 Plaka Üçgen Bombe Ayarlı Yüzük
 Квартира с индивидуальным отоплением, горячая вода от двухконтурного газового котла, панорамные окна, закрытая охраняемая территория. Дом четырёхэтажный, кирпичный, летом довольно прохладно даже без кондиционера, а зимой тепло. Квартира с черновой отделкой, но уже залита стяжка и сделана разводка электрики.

——————————

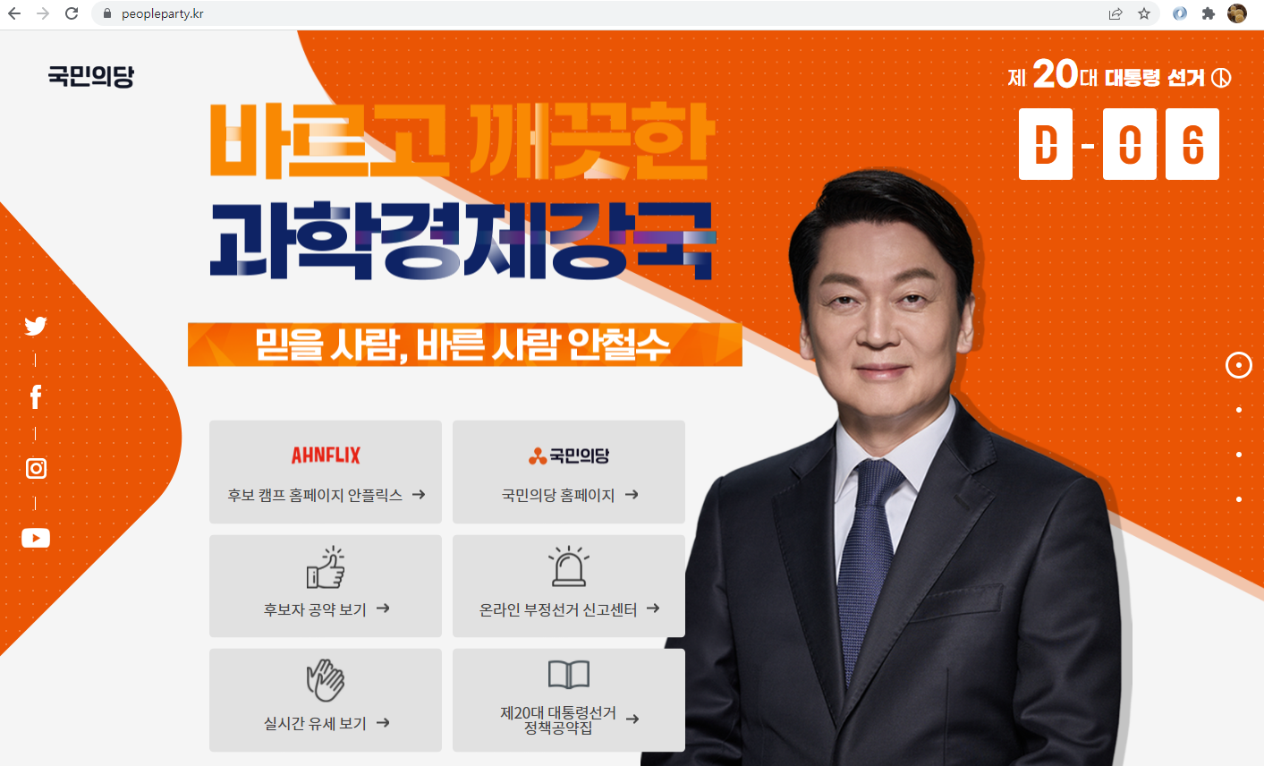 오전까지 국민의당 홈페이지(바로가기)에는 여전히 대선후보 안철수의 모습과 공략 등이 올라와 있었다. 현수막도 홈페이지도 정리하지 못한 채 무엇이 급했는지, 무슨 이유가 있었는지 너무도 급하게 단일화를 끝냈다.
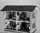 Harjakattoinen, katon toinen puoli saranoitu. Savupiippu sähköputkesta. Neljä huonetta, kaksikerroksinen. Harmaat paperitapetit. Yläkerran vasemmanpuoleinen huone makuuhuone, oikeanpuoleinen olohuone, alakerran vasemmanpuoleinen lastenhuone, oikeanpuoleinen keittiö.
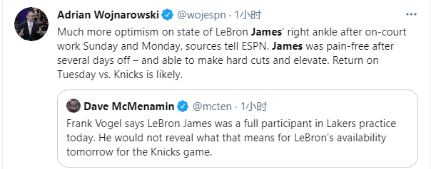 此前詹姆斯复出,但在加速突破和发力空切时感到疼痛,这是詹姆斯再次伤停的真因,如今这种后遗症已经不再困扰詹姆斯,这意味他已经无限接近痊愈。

——————————

**What to do**
Out of the records above, please copy exactly the lines from the line with "오전까지 국민의당 홈페이지(바로가기)에는" up to and including the line with "此前詹姆斯复出,但在加速突破", minus the pictures.

**Task output**
 오전까지 국민의당 홈페이지(바로가기)에는 여전히 대선후보 안철수의 모습과 공략 등이 올라와 있었다. 현수막도 홈페이지도 정리하지 못한 채 무엇이 급했는지, 무슨 이유가 있었는지 너무도 급하게 단일화를 끝냈다.
 Harjakattoinen, katon toinen puoli saranoitu. Savupiippu sähköputkesta. Neljä huonetta, kaksikerroksinen. Harmaat paperitapetit. Yläkerran vasemmanpuoleinen huone makuuhuone, oikeanpuoleinen olohuone, alakerran vasemmanpuoleinen lastenhuone, oikeanpuoleinen keittiö.
 此前詹姆斯复出,但在加速突破和发力空切时感到疼痛,这是詹姆斯再次伤停的真因,如今这种后遗症已经不再困扰詹姆斯,这意味他已经无限接近痊愈。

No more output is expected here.